__Data provided__

___

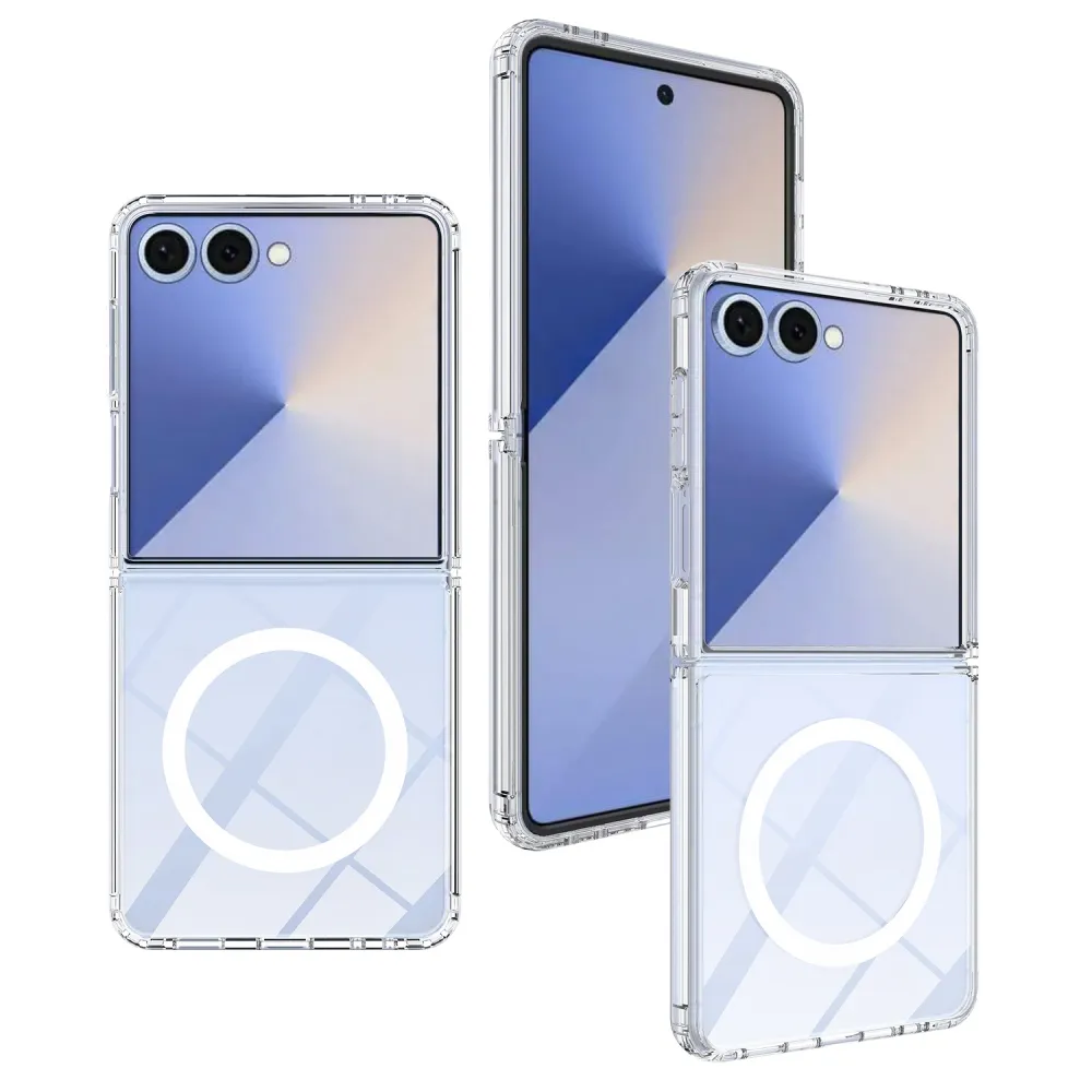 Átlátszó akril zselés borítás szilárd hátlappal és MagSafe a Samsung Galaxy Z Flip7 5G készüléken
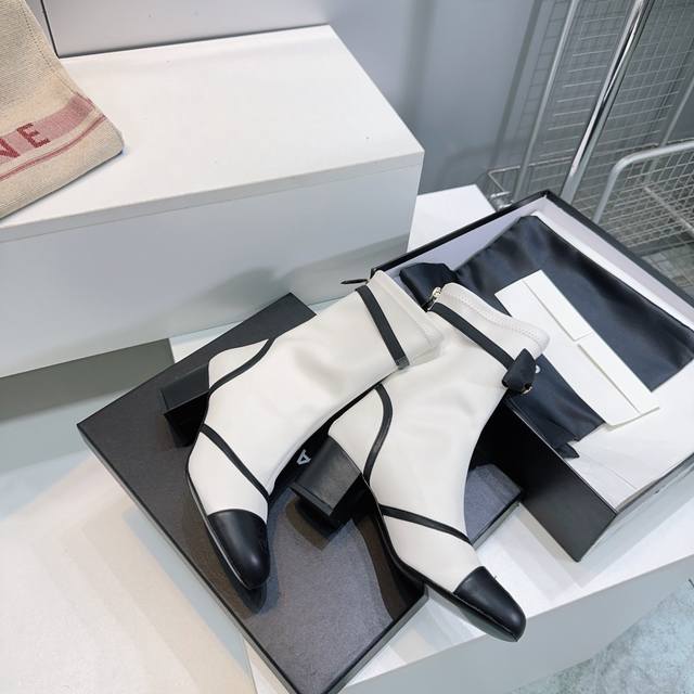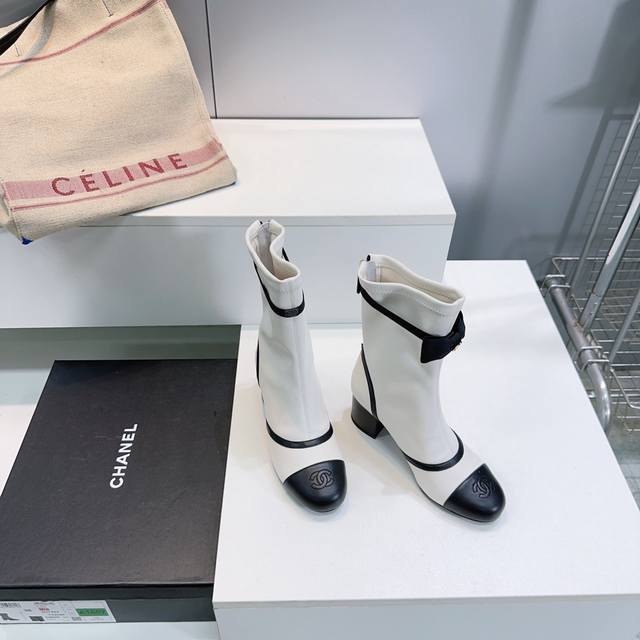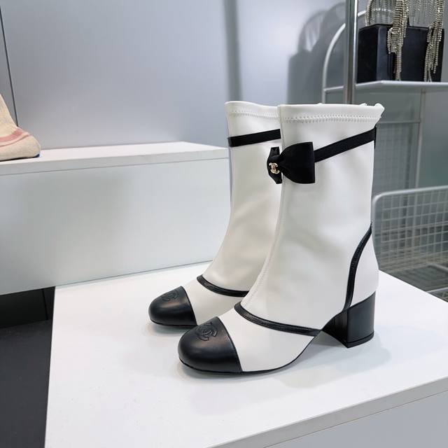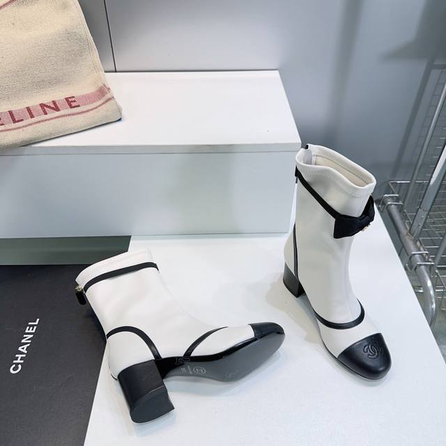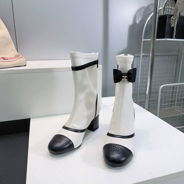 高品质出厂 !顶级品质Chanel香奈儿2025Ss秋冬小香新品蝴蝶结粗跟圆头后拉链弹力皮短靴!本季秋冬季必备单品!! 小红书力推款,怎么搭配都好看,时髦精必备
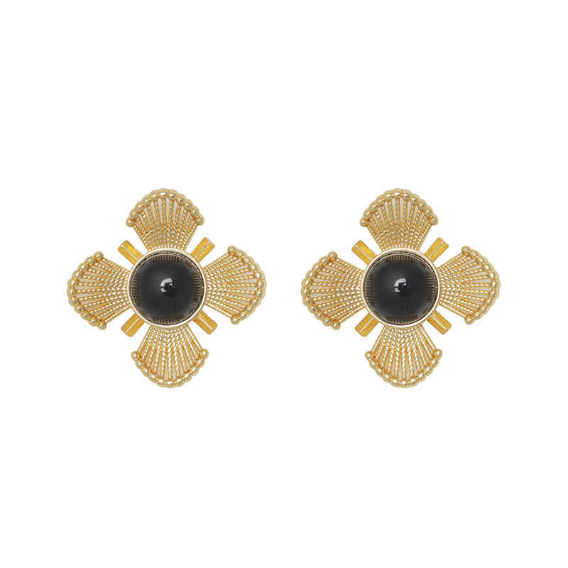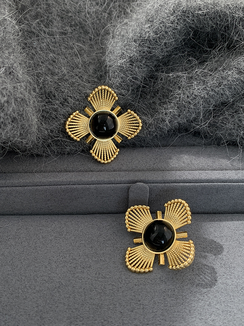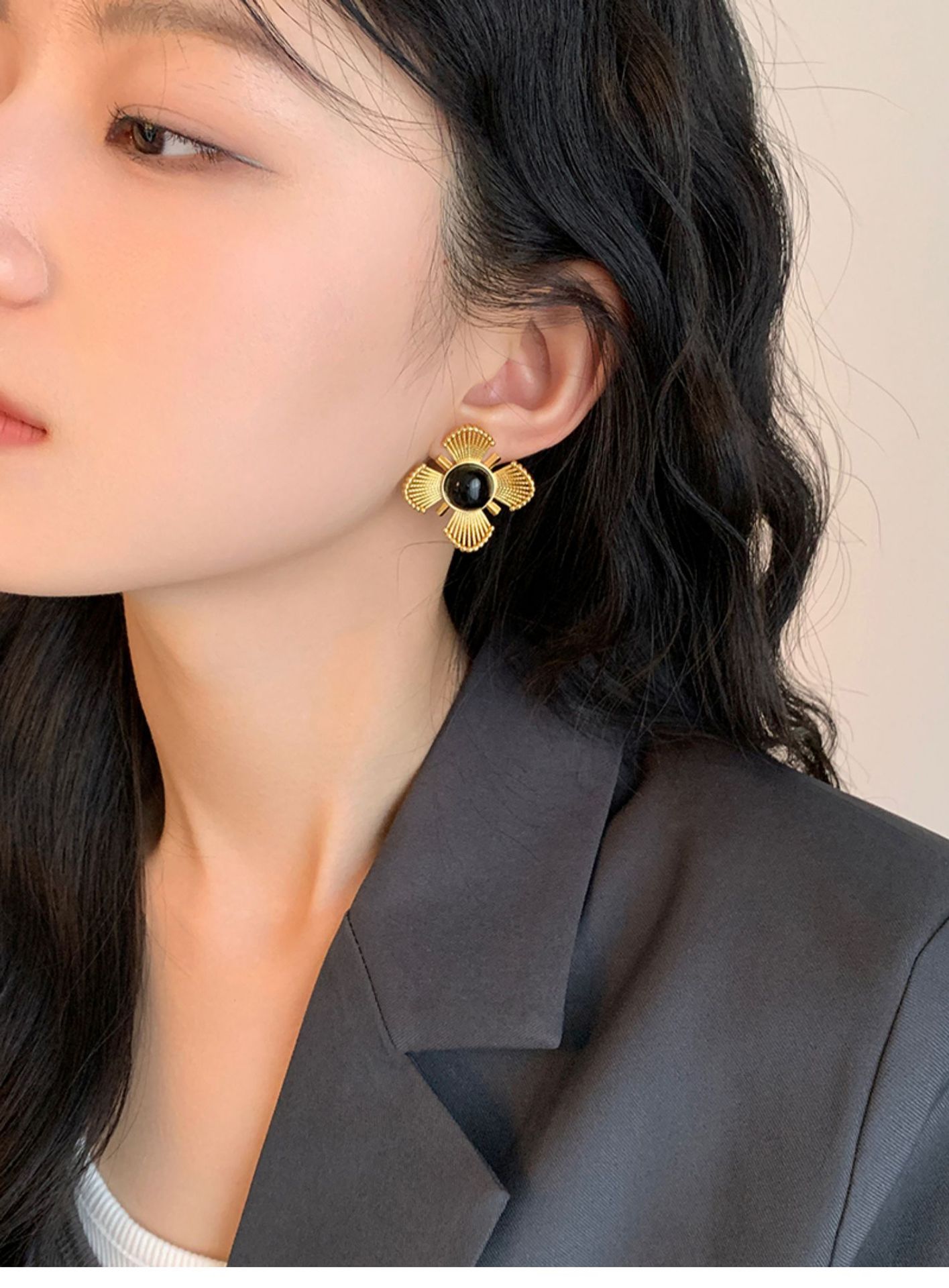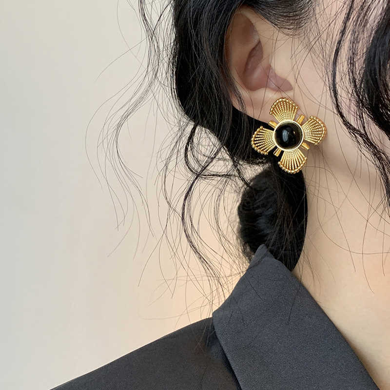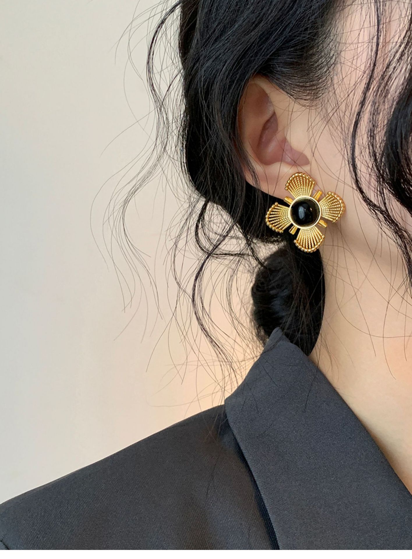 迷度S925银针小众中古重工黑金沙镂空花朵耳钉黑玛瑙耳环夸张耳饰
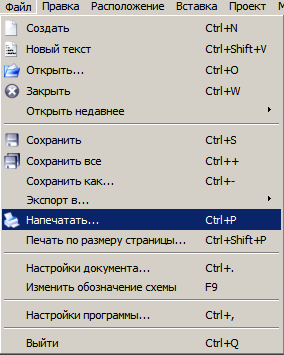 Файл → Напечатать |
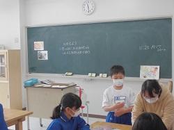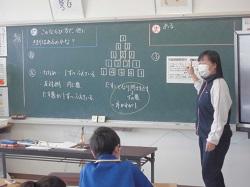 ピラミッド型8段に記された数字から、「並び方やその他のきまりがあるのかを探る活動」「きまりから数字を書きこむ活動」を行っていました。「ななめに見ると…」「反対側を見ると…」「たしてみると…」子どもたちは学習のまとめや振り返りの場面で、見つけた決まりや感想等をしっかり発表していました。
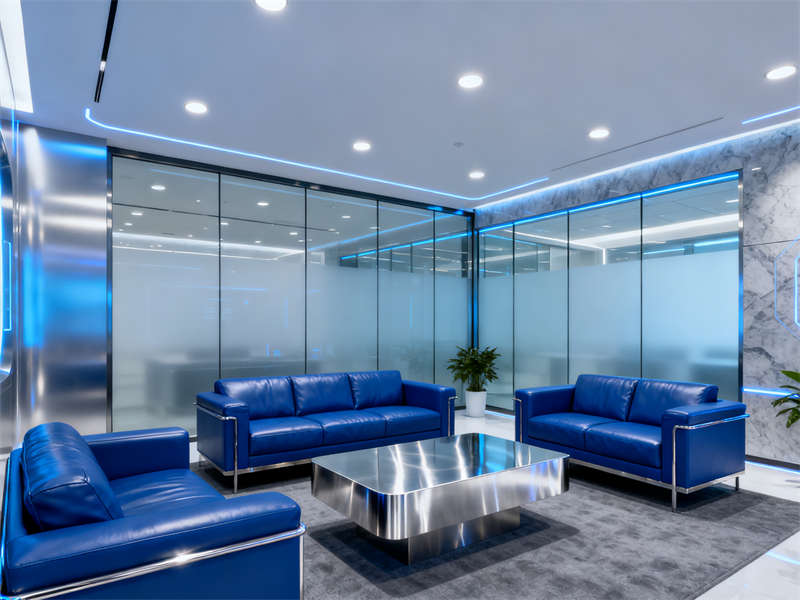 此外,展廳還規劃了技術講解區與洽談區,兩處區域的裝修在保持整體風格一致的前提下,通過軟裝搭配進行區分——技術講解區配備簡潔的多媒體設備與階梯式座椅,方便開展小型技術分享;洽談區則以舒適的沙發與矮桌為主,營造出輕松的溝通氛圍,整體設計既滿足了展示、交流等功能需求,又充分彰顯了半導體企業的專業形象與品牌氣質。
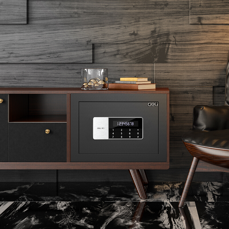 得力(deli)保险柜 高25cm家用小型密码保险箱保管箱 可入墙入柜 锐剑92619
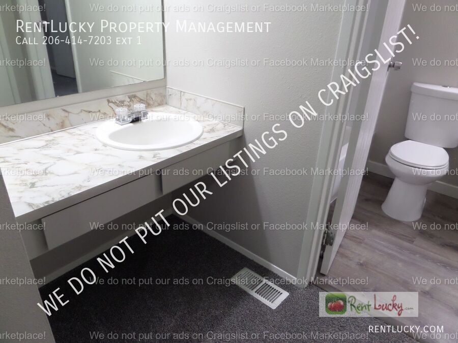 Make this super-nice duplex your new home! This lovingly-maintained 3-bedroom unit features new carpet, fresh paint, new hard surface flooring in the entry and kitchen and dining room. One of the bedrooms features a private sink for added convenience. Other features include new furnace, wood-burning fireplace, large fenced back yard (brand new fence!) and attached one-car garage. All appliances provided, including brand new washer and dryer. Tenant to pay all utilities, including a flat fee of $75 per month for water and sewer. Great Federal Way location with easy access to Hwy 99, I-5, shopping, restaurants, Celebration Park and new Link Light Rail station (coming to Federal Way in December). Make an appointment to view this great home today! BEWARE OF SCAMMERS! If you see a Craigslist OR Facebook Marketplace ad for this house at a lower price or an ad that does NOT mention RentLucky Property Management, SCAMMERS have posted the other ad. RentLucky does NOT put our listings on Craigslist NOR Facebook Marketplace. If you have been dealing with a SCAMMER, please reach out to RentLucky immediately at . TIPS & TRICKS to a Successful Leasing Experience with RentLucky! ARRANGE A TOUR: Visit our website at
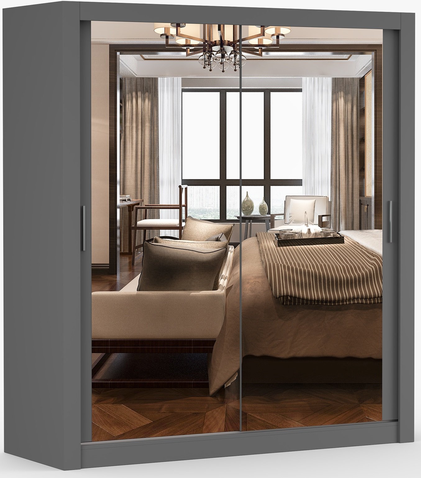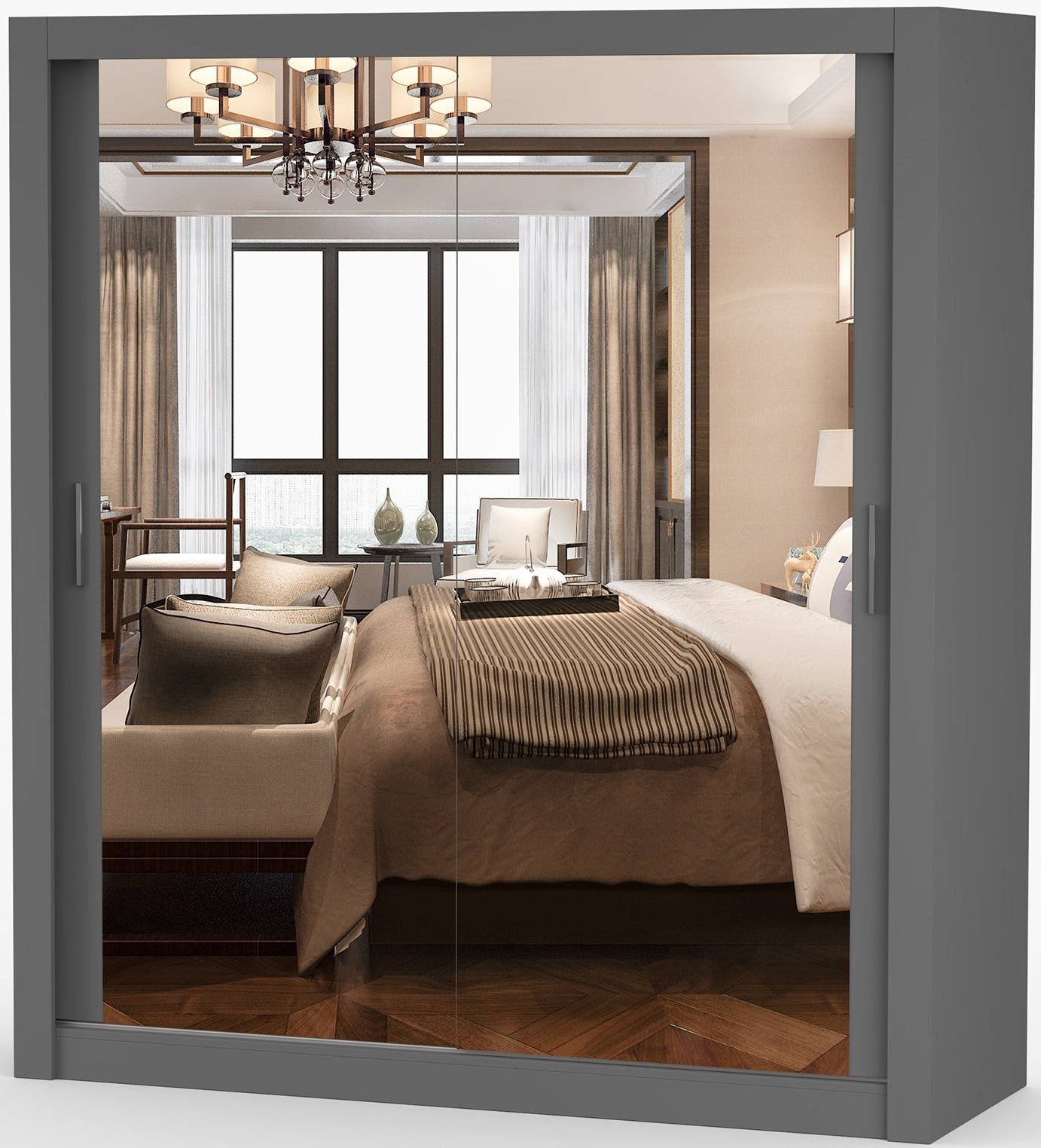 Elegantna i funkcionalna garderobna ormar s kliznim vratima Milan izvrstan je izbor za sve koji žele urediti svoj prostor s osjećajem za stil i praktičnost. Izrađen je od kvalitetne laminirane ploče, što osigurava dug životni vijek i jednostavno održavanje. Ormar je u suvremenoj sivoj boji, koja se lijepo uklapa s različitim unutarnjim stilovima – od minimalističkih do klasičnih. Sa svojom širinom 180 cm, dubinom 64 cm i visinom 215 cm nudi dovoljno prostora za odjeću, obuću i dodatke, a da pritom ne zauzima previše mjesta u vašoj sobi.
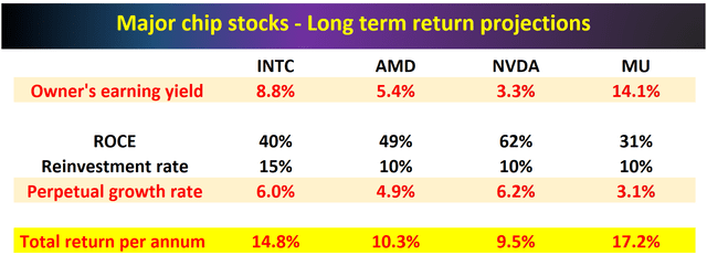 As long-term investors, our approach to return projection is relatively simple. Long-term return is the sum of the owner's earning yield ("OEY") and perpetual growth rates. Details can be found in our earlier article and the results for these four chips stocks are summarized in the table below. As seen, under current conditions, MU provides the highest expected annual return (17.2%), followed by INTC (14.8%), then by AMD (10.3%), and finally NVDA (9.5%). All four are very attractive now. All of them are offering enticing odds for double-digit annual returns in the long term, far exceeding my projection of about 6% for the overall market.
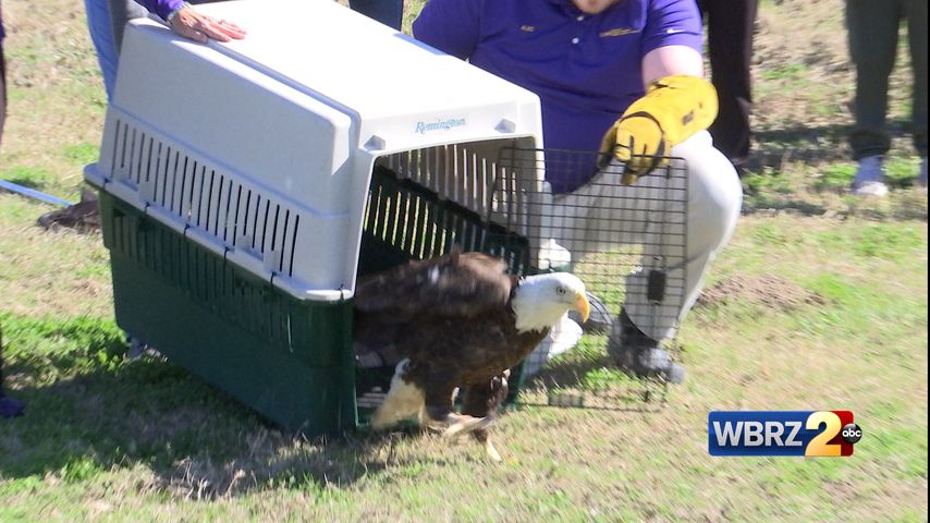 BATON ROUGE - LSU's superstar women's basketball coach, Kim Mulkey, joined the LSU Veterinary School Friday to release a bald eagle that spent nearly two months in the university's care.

___

__Try it__
Copy out exactly, with no pictures, the lines of the data from the first one through the line bearing "Файл → Напечатать |".

__Solution for this problem__
 Átlátszó akril zselés borítás szilárd hátlappal és MagSafe a Samsung Galaxy Z Flip7 5G készüléken
 高品质出厂 !顶级品质Chanel香奈儿2025Ss秋冬小香新品蝴蝶结粗跟圆头后拉链弹力皮短靴!本季秋冬季必备单品!! 小红书力推款,怎么搭配都好看,时髦精必备
 迷度S925银针小众中古重工黑金沙镂空花朵耳钉黑玛瑙耳环夸张耳饰
 Файл → Напечатать |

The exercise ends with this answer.